The Authorized King James Version (AV) of the Holy Bible contains a verse which modern versions either omit entirely or question its genuineness:

“And Philip said, If thou believest with all thine heart, thou mayest. And he answered and said, I believe that Jesus Christ is the Son of God.” Acts 8:37

In this short post I will present the earliest surviving proofs for the authenticity of this verse. I will also cite later versions and expositors that accept the veracity of this passage.


8. But again: Whom did Philip preach to the eunuch of the queen of the Ethiopians, returning from Jerusalem, and reading Esaias the prophet, when he and this man were alone together? Was it not He of whom the prophet spoke: He was led as a sheep to the slaughter, and as a lamb dumb before the shearer, so He opened not the mouth? But who shall declare His nativity? For His life shall be taken away from the earth. Acts 8:32Isaiah 53:7-8 [Philip declared] that this was Jesus, and that the Scripture was fulfilled in Him; as did also the believing eunuch himself: and, immediately requesting to be baptized, he said, “I believe Jesus Christ to be the Son of God.” Acts 8:37 This man was also sent into the regions of Ethiopia, to preach what he had himself believed, that there was one God preached by the prophets, but that the Son of this [God] had already made [His] appearance in human nature (secundum hominem), and had been led as a sheep to the slaughter; and all the other statements which the prophets made regarding Him. (Against Heresies, 3.12.8)


43. That he who believes can immediately obtain (i.e., pardon and peace)

In the Acts of the Apostles: “Lo, here is water; what is there which hinders me from being baptized? Then said Philip, If you believe with all your heart, you may.” (The Treatises of Cyprian, Treatise 12, Book 3.43)


“… However, Ehrman points out that 1) one of those manuscripts is 1739, from Mount Athos, an important minuscule that is an excellent copy of a 4th century exemplar that itself is a copy of a (probably) 2nd century manuscript (1739 and 1881 are important later minuscules). 1739 is pictured to the right…” (White, “Many Thanks”, January 7, 2009; bold emphasis mine) 

This minuscule contains the verse in question.


Codex Glazier, designated by siglum copG67, is a Coptic uncial manuscript of the New Testament on parchment. It is dated palaeographically to the 4th or 5th century. Textually it is very close to Greek Codex Bezae

Different readings supported by Old Latin

Acts 6:1 men] angel

Acts 7:46 Bezae reads οικω, G67 supports reading θεω;

Acts 8:37 and 9:5b-6a are included.

Acts 12:25 Bezae reads Σαυλος] G67 supports reading ος επεκληθη Παυλος (who was called Paul))

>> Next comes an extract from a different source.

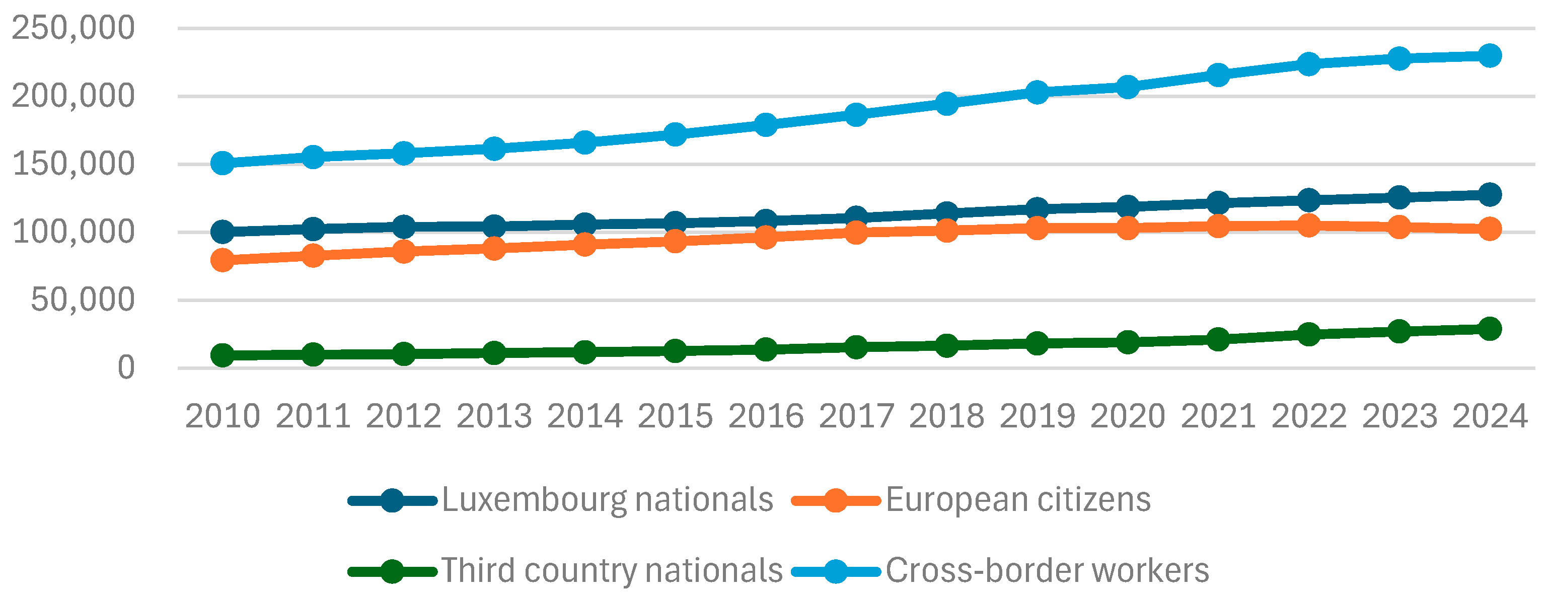 - The foreign population is composed of 101.070 EU Citizens and 29.561 Third-Country Nationals, while the Cross-Border Workers Coming from France Amount to 127.101; from Germany 51.690 and from Belgium 51.296. Statec, Emploi Salarié Intérieur Par Lieu de Résidence, Luxembourg, Q2 2025. Available online: https://lustat.statec.lu/vis?fs[0]=Th%C3%A8mes%2C1%7CPopulation%20et%20emploi%23B%23%7CMarch%C3%A9%20du%20travail%23B5%23&pg=0&fc=Th%C3%A8mes&bp=true&snb=46&lc=fr&df[ds]=ds-release&df[id]=DSD_EMPLOI_SAL%40DF_B3002&df[ag]=LU1&df[vs]=1.0&dq=..Q....&lom=LASTNOBSERVATIONS&lo=5&pd=2015-Q1%2C2025-Q2&to[TIME_PERIOD]=false (accessed on 27 November 2025).

Acts 14:20 Only h and G67, in the report that the disciples gathered around Paul after he was stoned and cast out of the city…

The manuscript is dated to the late 4th or early 5th century.[1]

1. Bruce M. MetzgerThe Early Versions of the New Testament, Oxford University Press, 1977, p. 119. (Codex Glazier – Wikipedia; emphasis mine)


[37] And Philip said: If thou believest with all thy heart, thou mayest. And he answering, said: I believe that Jesus Christ is the Son of God.

Dixit autem Philippus: Si credis ex toto corde, licet. Et respondens ait: Credo Filium Dei esse Jesum Christum.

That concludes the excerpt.